Reward Function
The reward function defines what the DQN agent optimizes for. From BidOptimizationAgent.scala:
Formula
reward = clickReward - overspendPenalty
where:
clickReward = windowClicks.toDouble
overspendPenalty = if (spendRate > 1.5)
config.overspendPenalty × (spendRate - 1.5)
else 0.0
Default penalty factor: overspendPenalty = 2.0
Component Breakdown
Clicks (Primary Signal)
Raw number of clicks in the 15-minute observation window. This is the positive signal — the agent maximizes clicks because that’s what advertisers care about.
Why clicks, not impressions?
- Impressions don’t indicate value — they’re “free” from the user’s perspective
- Clicks represent actual engagement
- Maximizing clicks naturally selects for high-CTR placements
Why clicks, not revenue?
- Revenue (CPM × impressions) would incentivize bidding as high as possible
- This contradicts the advertiser’s interest in efficient spending
- Clicks align the agent with advertiser ROI
Overspend Penalty
overspendPenalty = 2.0 × max(0, spendRate - 1.5)
- Threshold at 1.5x: No penalty for spending up to 50% faster than target. Gives the agent freedom to bid aggressively when opportunities are good.
- 2.0x factor: Each unit of overspend above 1.5x costs 2.0 reward points
- Continuous: Allows the agent to learn the trade-off rather than hitting a hard wall
Examples:
spendRate = 1.0 → penalty = 0 (on pace)
spendRate = 1.5 → penalty = 0 (at threshold)
spendRate = 2.0 → penalty = 1.0 (moderate overspend)
spendRate = 3.0 → penalty = 3.0 (severe overspend)
Episode Termination
The episode terminates when:
done = (budgetRemaining <= 0.0) || (timeRemaining <= 0.0)
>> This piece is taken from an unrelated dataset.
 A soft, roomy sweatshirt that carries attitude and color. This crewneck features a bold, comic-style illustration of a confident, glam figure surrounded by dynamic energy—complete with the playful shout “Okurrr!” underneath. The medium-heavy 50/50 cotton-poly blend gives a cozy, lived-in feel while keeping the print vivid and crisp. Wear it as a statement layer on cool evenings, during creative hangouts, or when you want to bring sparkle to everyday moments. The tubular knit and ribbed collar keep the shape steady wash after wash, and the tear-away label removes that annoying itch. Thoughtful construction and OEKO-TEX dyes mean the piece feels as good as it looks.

At termination, a special terminal transition is stored:
val terminalState = Array.fill(stateSize)(0.0) // Zero vector
val terminalReward = windowClicks.toDouble // Final clicks (no penalty)
dqn.store(prevState, prevAction, terminalReward, terminalState, done = true)
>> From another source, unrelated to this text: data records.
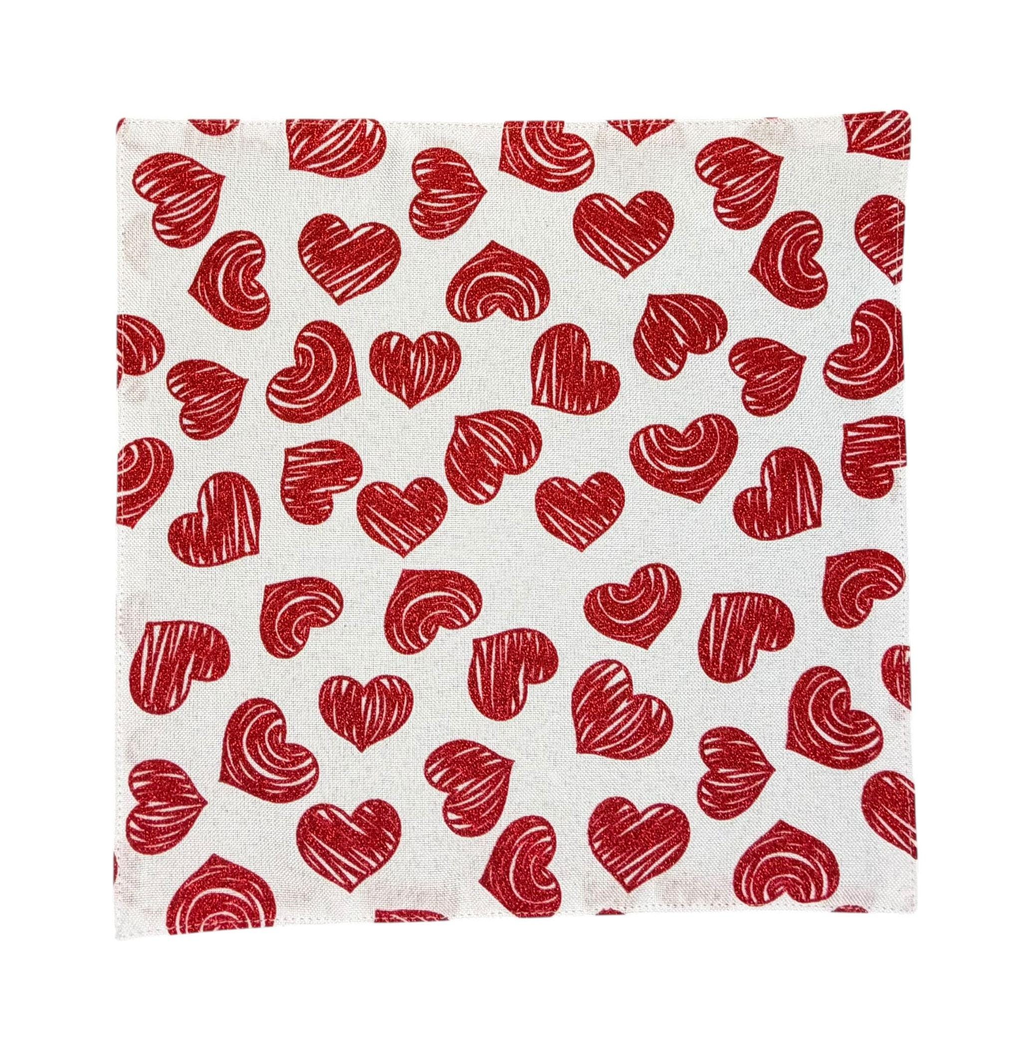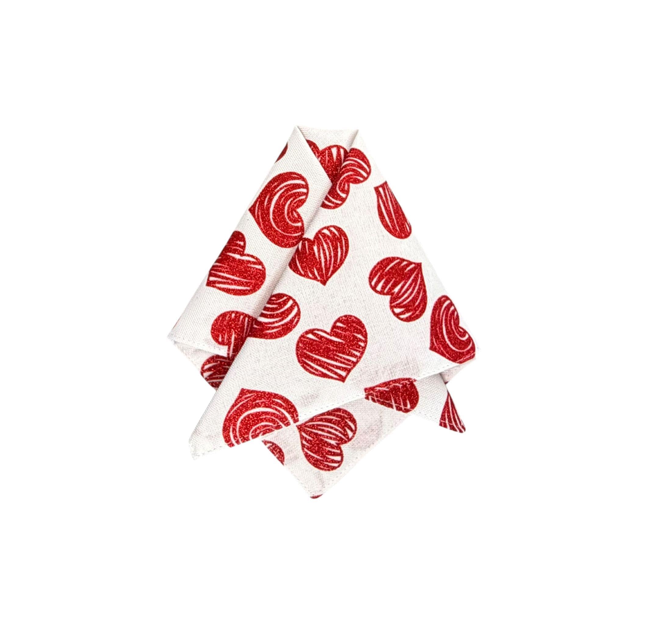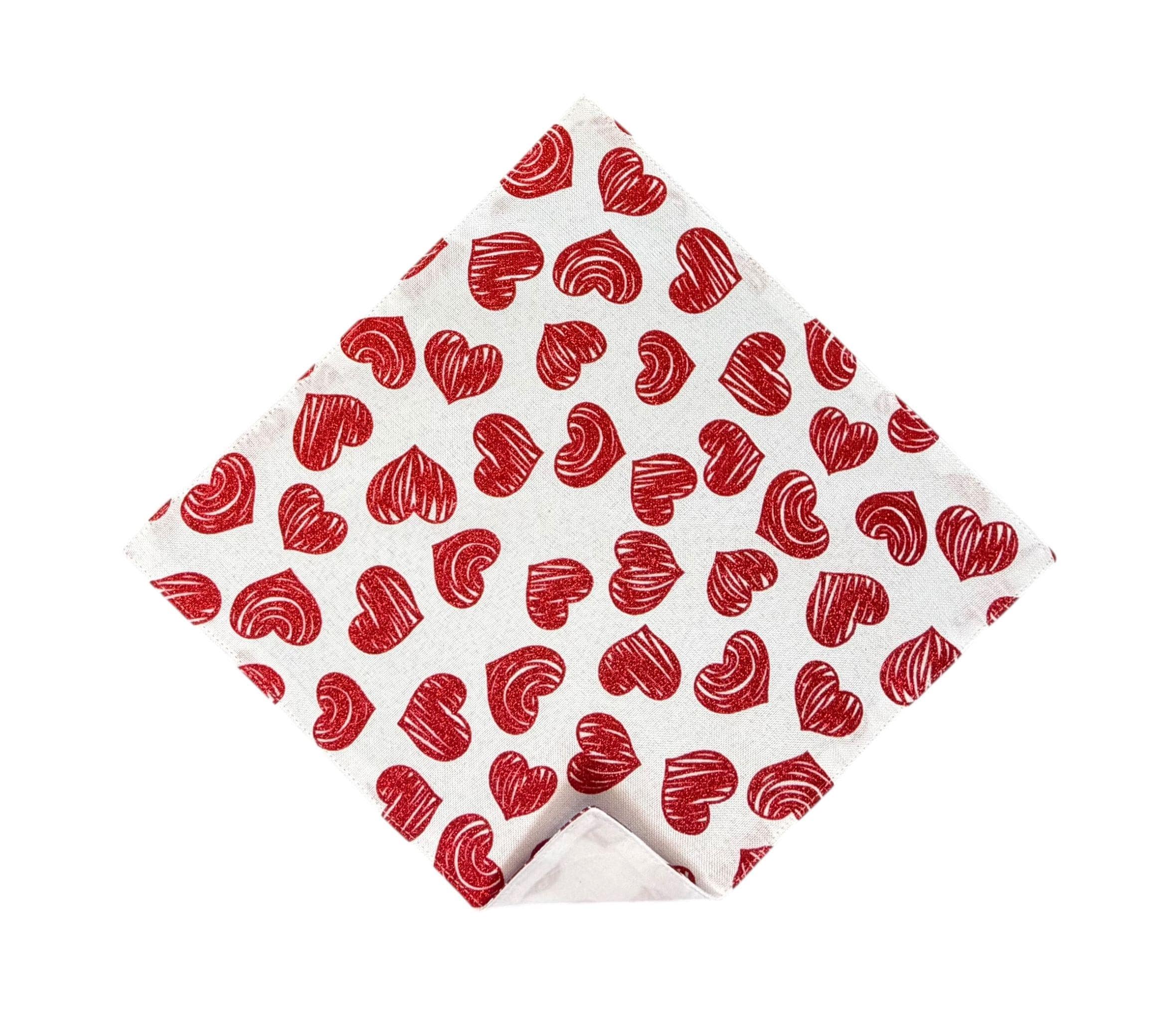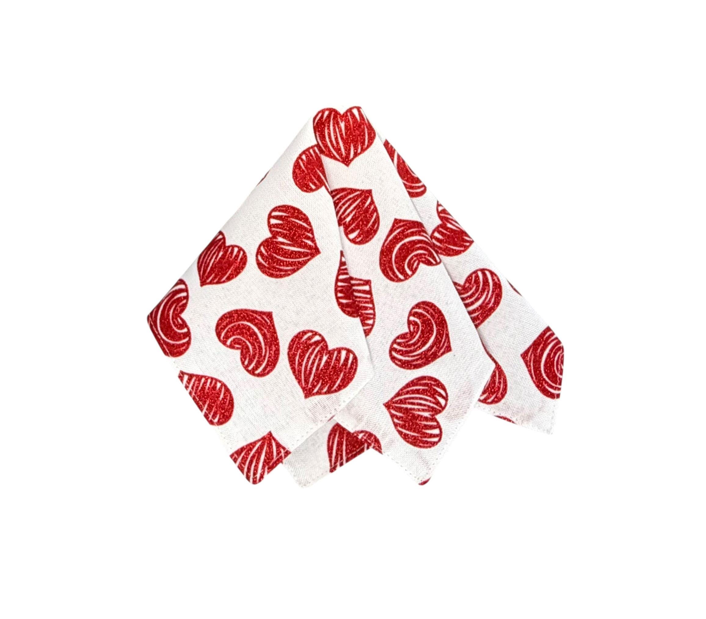 Valentine Pocket Square - White with Red Glitter Hearts Cotton Handkerchief - Adult Men's - Handcrafted in the USA by Holiday Bow Ties, LLC - The "Francis"
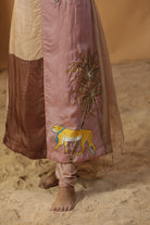 Featuring our peach pink block print leopard scarf suit set with gota work on the kurta. Comes with churidaar and dupatta.
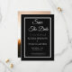Announce your wedding with timeless elegance using this black Save the Date card. The front features clean, refined typography for a classic, modern look, while the back is fully customizable with your favorite couple’s photo. A perfect choice for formal, minimalist, or luxury wedding themes.

The done = true flag tells DQN not to bootstrap future rewards beyond the episode boundary.
Reward Examples
| Window | Clicks | spendRate | Penalty | Reward |
|---|---|---|---|---|
| Normal pacing | 3 | 1.0 | 0 | 3.0 |
| Good CTR | 8 | 1.2 | 0 | 8.0 |
| Slight overspend | 5 | 1.8 | 0.6 | 4.4 |
| Severe overspend | 2 | 3.0 | 3.0 | -1.0 |
| At threshold | 4 | 1.5 | 0 | 4.0 |
Design Simplicity
Note what the reward function does not include:
- No exhaustion penalty — the episode simply ends when budget hits zero
- No CPA signal — conversion tracking is sparse, clicks are a sufficient proxy
- No win-rate bonus — win rate is in the state space, letting the agent learn its own trade-offs
This simplicity makes the reward signal clean and easy to interpret. The agent learns that clicks are good and overspending is bad — everything else it figures out from the state space.